Your answer should hold exactly the lines below from the line with "Hãng thông tấn" through the line with "コロナ禍で約半数が仕事に対す", both included, and no pictures at all.

#### STUDY MATERIAL:
§ §

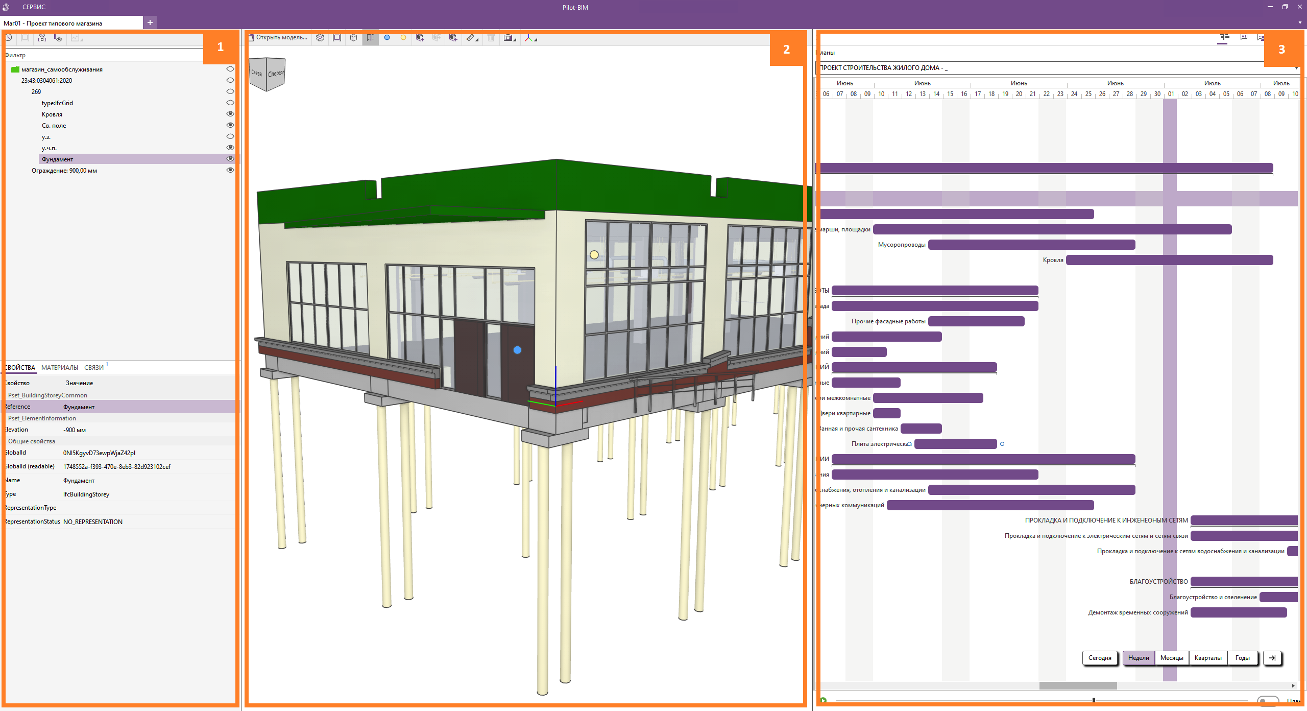 Окно BIM-плеера обеспечивает визуализацию хода проекта с помощью диаграммы Ганта и 3D-модели объекта. Функциональность позволяет увидеть, как объект будет выглядеть на разных этапах создания. Этот инструмент также позволяет анализировать сроки работ, план объемов и загрузку ресурсов. Он помогает предвидеть планируемые результаты создания объекта и избегать пространственно-временных коллизий и срывов сроков реализации проекта.
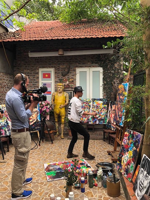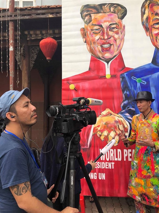 Hãng thông tấn Reuteurs phỏng vấn họa sĩ Trần Lâm Bình về tác phẩm vẽ hai nhà lãnh đạo Mỹ, Triều Tiên
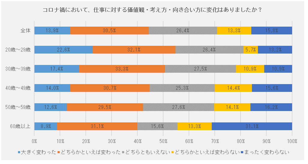 コロナ禍で約半数が仕事に対する価値観に変化があったと回答。コロナ禍の変化はネガティブな面だけとは限らない結果に。
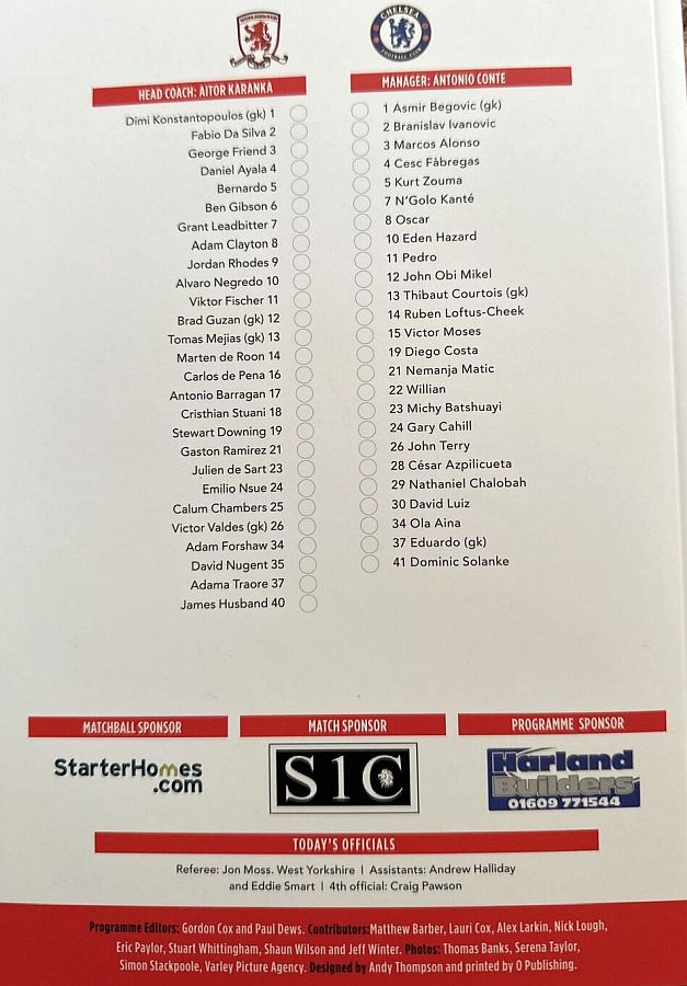 Brad Guzan, Fabio Da Silva, Calum Chambers, Ben Gibson, George Friend, Marten de Roon, Adam Clayton, Adam Forshaw (Grant Leadbitter 57), Adama Traore (Patrick Bamford 58), Alvaro Negredo (Rudy Gestede 83), Stewart Downing |
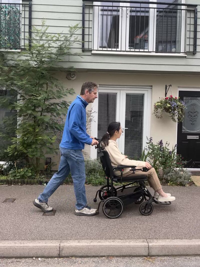 The eFOLDi Navigator Attendant Height Extension Bar is an accessory for the eFOLDi Navigator powerchair, designed to make guiding and manoeuvring more comfortable for taller carers and attendants. It raises the height of the Navigator’s handles to create a more natural, ergonomic hand position when driving the chair from behind.
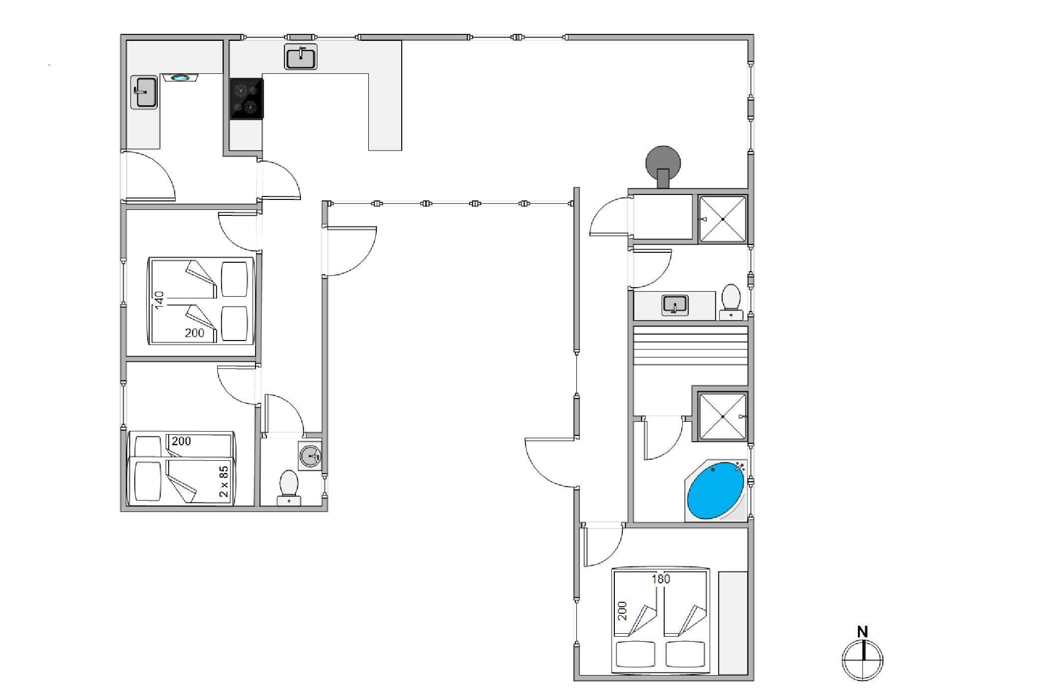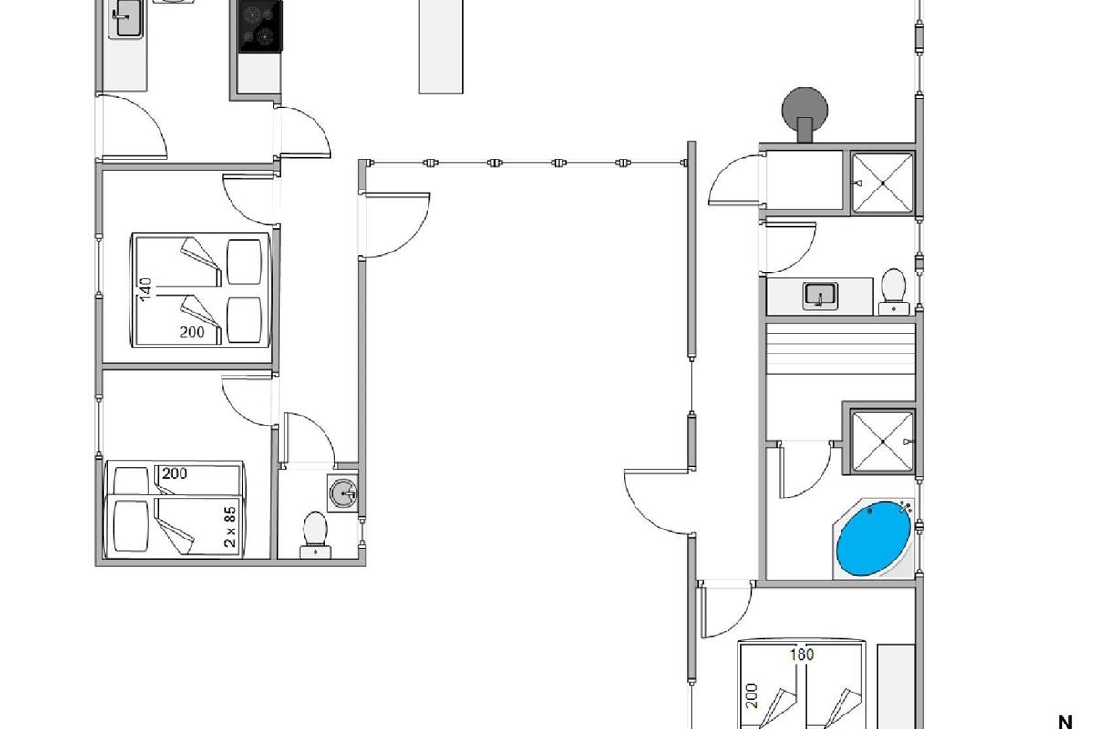 This beautiful holiday home at Hafavej 133 enjoys a central location in Søndervig, with everything close at hand. Notable highlights include the hot tub and sauna, as well as the short distance to the beach and North Sea. The well-equipped holiday home features a lovely sheltered terrace nestled between the two wings of the house.
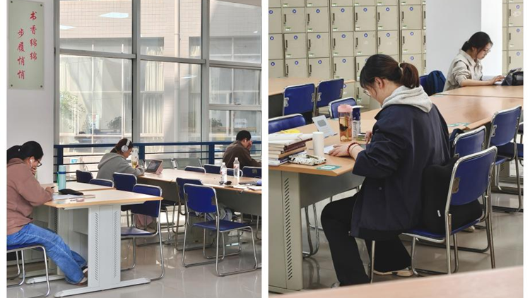 图书馆内同样是一派繁忙而宁静的学习景象。所有阅览室和自习区均正常开放,同学们或埋头苦读,或认真做着笔记,沉浸在知识的海洋里。
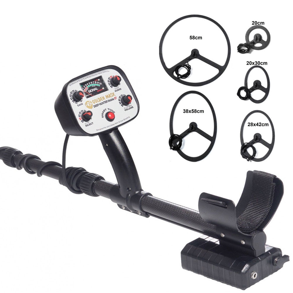 El Golden Mask Deep Hunter Mobile ST es un potente detector de metales de inducción de pulso de una mano. El Mobile ST tiene balance de tierra automático con el mismo sistema Smart Tune, incorporado en el modelo superior Pro AE. Exactamente como con el Pro AE, el Deep Hunter Mobile ST tiene una función de RECHAZO DE BASURA, por lo que el usuario puede elegir sobre qué reacciona el detector: solo objetivos grandes o todos los objetivos. Con esta función, se pueden eliminar pequeños objetivos de basura y el detector reacciona solo con objetivos grandes, lo que lo hace ideal para la búsqueda de reliquias y meteoritos. Mobile ST usa las mismas bobinas que los modelos más grandes Pro 3SE, Pro 5 y Pro AE, por lo que si ya tiene bobinas de búsqueda Golden Mask PI, ¡puede usarlas con Mobile ST! Incluso se podría usar una bobina de marco. El móvil se utiliza para tesoros, acumulaciones, reliquias e incluso monedas. Si planea usar el detector para monedas, consígalo con una bobina de búsqueda pequeña: 20 y 20x30 cm están disponibles como bobinas accesorias y podrían usarse para objetivos muy pequeños y pepitas de oro.
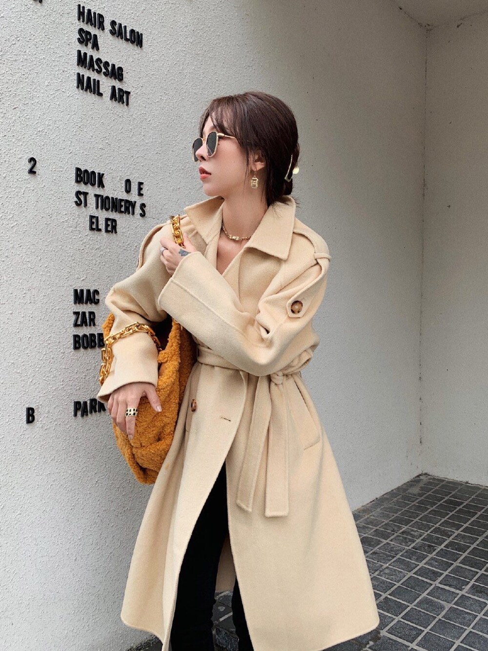 ベージュ系のトップスを着用したレディースの秋コーディネートの1枚目の写真

§ §

#### COMPLETED TASK:
 Hãng thông tấn Reuteurs phỏng vấn họa sĩ Trần Lâm Bình về tác phẩm vẽ hai nhà lãnh đạo Mỹ, Triều Tiên
 コロナ禍で約半数が仕事に対する価値観に変化があったと回答。コロナ禍の変化はネガティブな面だけとは限らない結果に。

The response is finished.